Former Chief of Party in Baghdad for the United States Institute of Peace Pleads Guilty to Wire Fraud Conspiracy
The former chief of party in Baghdad for the United States Institute of Peace (USIP), Robert Nathan Boorda, pleaded guilty to an information unsealed today in the U.S. District Court for the District of Columbia for conspiring to enrich himself by having USIP award a security contract at a fraudulently inflated price in exchange for a purported monthly consulting fee of $20,000 paid by the contractor, announced Assistant Attorney General Lanny A. Breuer of the Justice Department’s Criminal Division.

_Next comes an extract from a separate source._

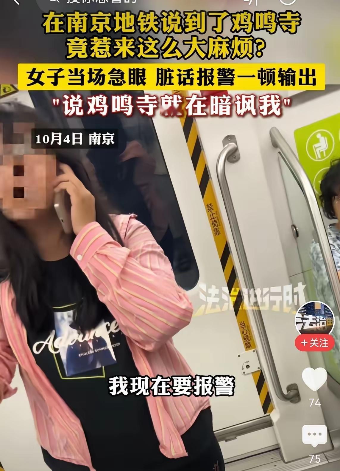 地铁上聊个天,差点被抓走? 俗话说“秃子忌说光”,人越缺什么,就越怕别人说什么。这粉衣女为啥一听“鸡鸣寺”就炸毛? 最近南京地铁上出了件奇葩事。 一家子游客坐地铁,商量着行程。说到“鸡鸣寺”站下车,旁边一位穿粉衣服的女士不干了。 她“噌”地站起来拦住他们,非说人家提到“鸡”字是在骂她。当场掏出手机就报警,说被陌生人用站名“暗讽”。 游客一家都懵了:“站名不让念?哪有这道理!” 粉衣女子振振有词:“我要是对你叽叽叽,你乐意吗?” 还反问人家丈夫:“我说你是鸭,你生气不?” 吵了几句,估计自己也觉得没劲,车一到站,她赶紧溜了。 网友疑惑她为啥反应这么激烈? 根儿上,是她自己先把“鸡”这个字和某些不雅的词汇划了等号。 她潜意识里觉得这个字是骂人的,所以一听别人说出来,就立刻对号入座,觉得是在说她。 说实话,这种因为一个词就炸的事,现实也不少。 有网友发自家黑猫照片,被人追着骂“种族歧视”。有顾客在饭店喊了声“裴姐”,老板娘以为骂她“赔钱货”,差点打起来。 说到底,就是太敏感,总觉得别人在指桑骂槐。 鸡鸣寺是南京有名的古寺,站名用了多少年。 心里阳光点,路上才能走得舒服。您说是不是?

Boorda was charged by information on Sept. 19, 2011, with one count of conspiring to commit wire fraud, and he pleaded guilty to the charge on Oct. 7, 2011. According to plea documents, Boorda admitted that, from about April 2009 through about June 2009, he and the owner of a security services contracting firm conspired to enrich themselves through Boorda’s recommendation that USIP award a $1.165 million contract for the lease of a villa in Baghdad and security services to that security services company at a fraudulently inflated price, in exchange for Boorda’s receipt of a purported consulting and marketing agreement with the company for a monthly fee of $20,000 for the term of the USIP contract. Boorda admitted that he concealed this agreement from USIP. According to plea documents, the contract was inflated so that Boorda could receive his payment by representing to USIP headquarters that the villa owner would not agree to a monthly rental payment of less than $22,000, when in fact the owner had agreed to $13,000.